The whole listing below should be retyped exactly, without any images.

#### Exercise data

■ ■ ■ ■

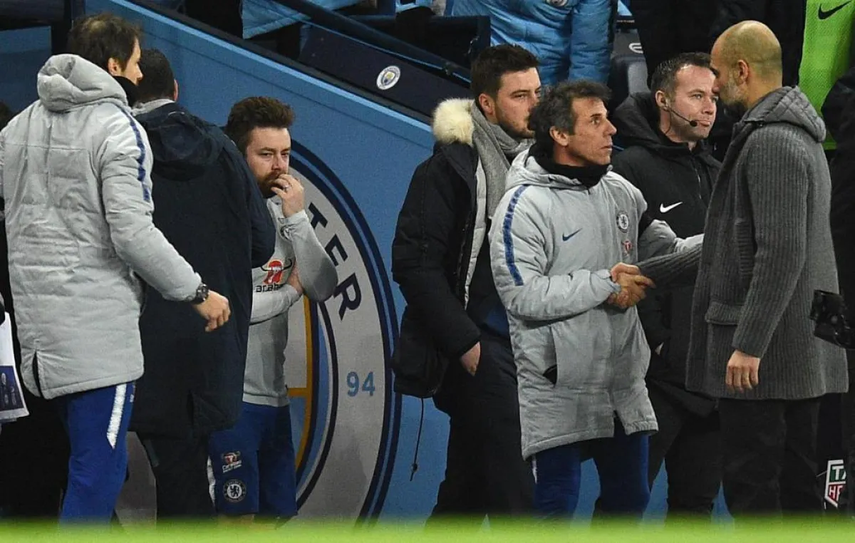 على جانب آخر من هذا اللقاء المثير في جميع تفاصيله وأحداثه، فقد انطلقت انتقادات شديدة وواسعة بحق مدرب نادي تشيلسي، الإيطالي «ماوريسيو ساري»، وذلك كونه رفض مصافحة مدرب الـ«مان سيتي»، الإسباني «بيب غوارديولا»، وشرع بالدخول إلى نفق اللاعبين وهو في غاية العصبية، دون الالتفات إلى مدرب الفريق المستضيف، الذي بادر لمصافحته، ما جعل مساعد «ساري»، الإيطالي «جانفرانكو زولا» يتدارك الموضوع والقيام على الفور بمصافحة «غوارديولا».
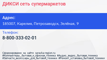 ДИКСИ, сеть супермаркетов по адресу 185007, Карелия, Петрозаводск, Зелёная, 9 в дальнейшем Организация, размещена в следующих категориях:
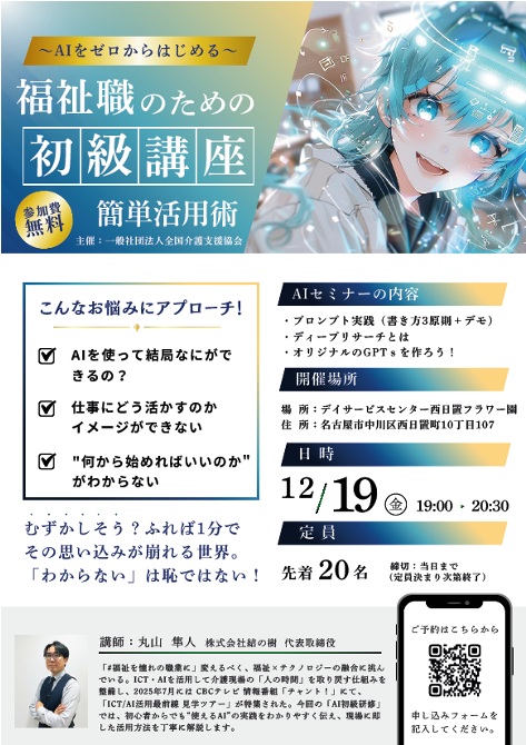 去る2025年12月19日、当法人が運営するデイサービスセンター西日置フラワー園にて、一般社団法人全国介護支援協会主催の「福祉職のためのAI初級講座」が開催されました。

■ ■ ■ ■

#### Task answer
 على جانب آخر من هذا اللقاء المثير في جميع تفاصيله وأحداثه، فقد انطلقت انتقادات شديدة وواسعة بحق مدرب نادي تشيلسي، الإيطالي «ماوريسيو ساري»، وذلك كونه رفض مصافحة مدرب الـ«مان سيتي»، الإسباني «بيب غوارديولا»، وشرع بالدخول إلى نفق اللاعبين وهو في غاية العصبية، دون الالتفات إلى مدرب الفريق المستضيف، الذي بادر لمصافحته، ما جعل مساعد «ساري»، الإيطالي «جانفرانكو زولا» يتدارك الموضوع والقيام على الفور بمصافحة «غوارديولا».
 ДИКСИ, сеть супермаркетов по адресу 185007, Карелия, Петрозаводск, Зелёная, 9 в дальнейшем Организация, размещена в следующих категориях:
 去る2025年12月19日、当法人が運営するデイサービスセンター西日置フラワー園にて、一般社団法人全国介護支援協会主催の「福祉職のためのAI初級講座」が開催されました。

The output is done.